__Work instructions__
Your answer should hold only the lines from the start of the data below through the line with "- Remove bolts", copied exactly, with pictures left out.

__Data__
----------------

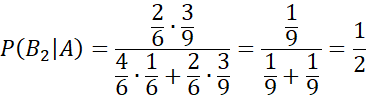 Wyznacz prawdopodobieństwo tego, że kula pochodzi z drugiej urny, jeśli jest to kula czarna i rzucamy raz kostką. Jeżeli wypadnie mniej niż 5 oczek, to losujemy jedną kulę z pierwszej urny, która zwiera 5 kul białych i 1 kulę czarną. W przeciwnym razie losujemy jedną kulę z drugiej urny, która zawiera 6 kul białych i 3 kule czarne.
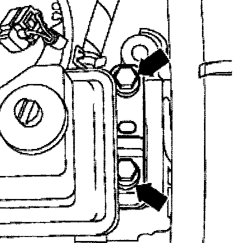 - Remove bolts (transmission side) from transmission mount (arrows) from the top.
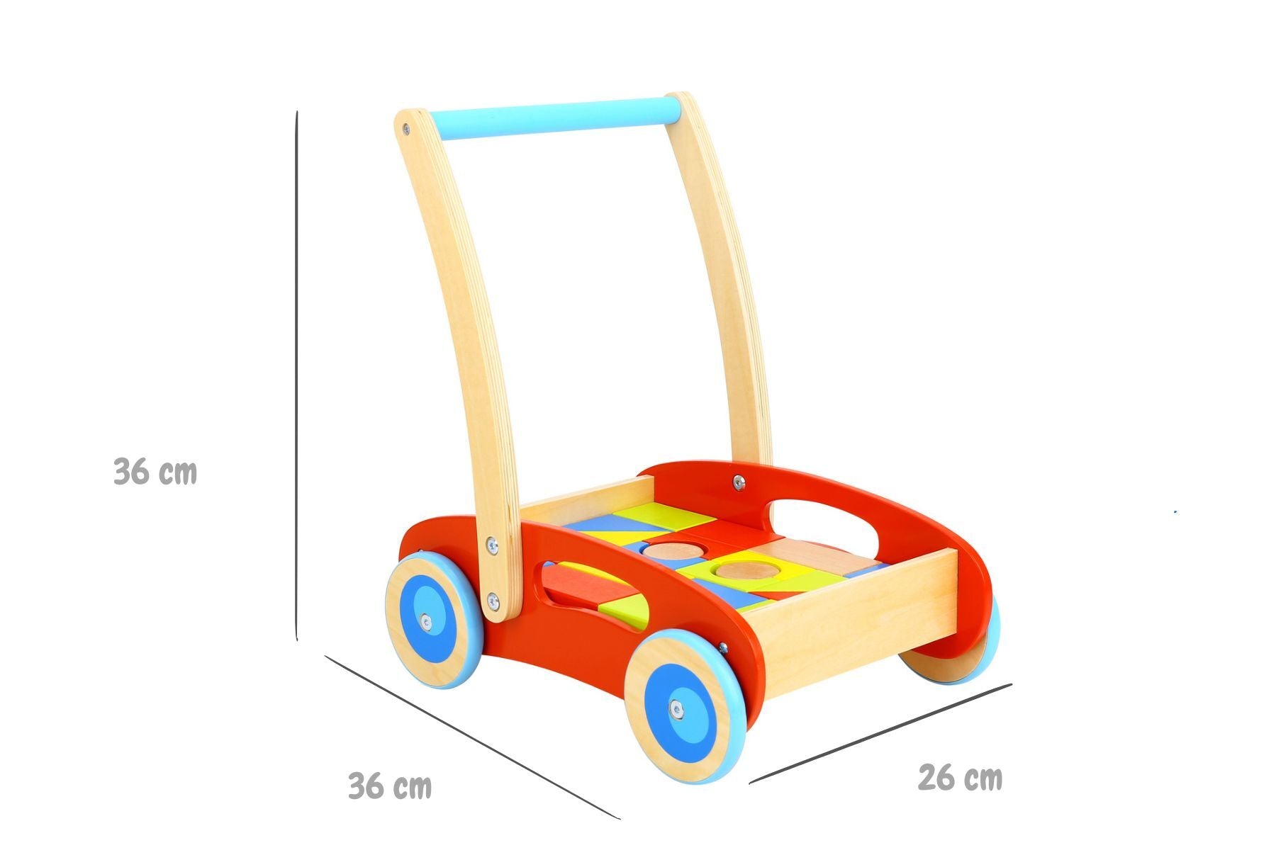 Introducing the Wooden Baby Walker with Blocks from Tooky Toy, a versatile and engaging toy designed to support your child's developmental milestones with endless hours of fun and learning This baby walker with blocks offers multifaceted benefits for young children as they embark on their journey towards independent mobility. By grasping the sturdy handlebars, little ones can practice and strengthen their walking skills while gently pushing the walker forward, promoting muscle development and enhancing balance and coordination. But the excitement doesn't end there When it's time for a break from walking, the colourful blocks nestled within the base of the walker provide ample opportunities for imaginative play and cognitive development. Children can stack the blocks to build towering structures, sort them by colour for a stimulating matching activity, or return them to the tray as a simple puzzle. With 22 assorted blocks in primary colours and various shapes, this set offers endless possibilities for creative exploration and problem solving. Crafted from solid timber and finished to the highest quality, each wooden baby walker with blocks from Tooky Toy is built to withstand the rigors of active play, ensuring years of enjoyment for growing toddlers. Measuring approximately 26cm wide x 36cm long and 36cm high, with square blocks measuring approximately 4.8cm, this walker is perfectly sized for little hands and growing legs. Plus, with child safe, non toxic paint, parents can have peace of mind knowing their child is playing with a safe and durable toy. Encourage your child's physical and cognitive development while sparking their imagination with the Wooden Baby Walker with Blocks from Tooky Toy. It's the perfect companion for every step of their early learning journey

----------------

__Problem solution__
 Wyznacz prawdopodobieństwo tego, że kula pochodzi z drugiej urny, jeśli jest to kula czarna i rzucamy raz kostką. Jeżeli wypadnie mniej niż 5 oczek, to losujemy jedną kulę z pierwszej urny, która zwiera 5 kul białych i 1 kulę czarną. W przeciwnym razie losujemy jedną kulę z drugiej urny, która zawiera 6 kul białych i 3 kule czarne.
 - Remove bolts (transmission side) from transmission mount (arrows) from the top.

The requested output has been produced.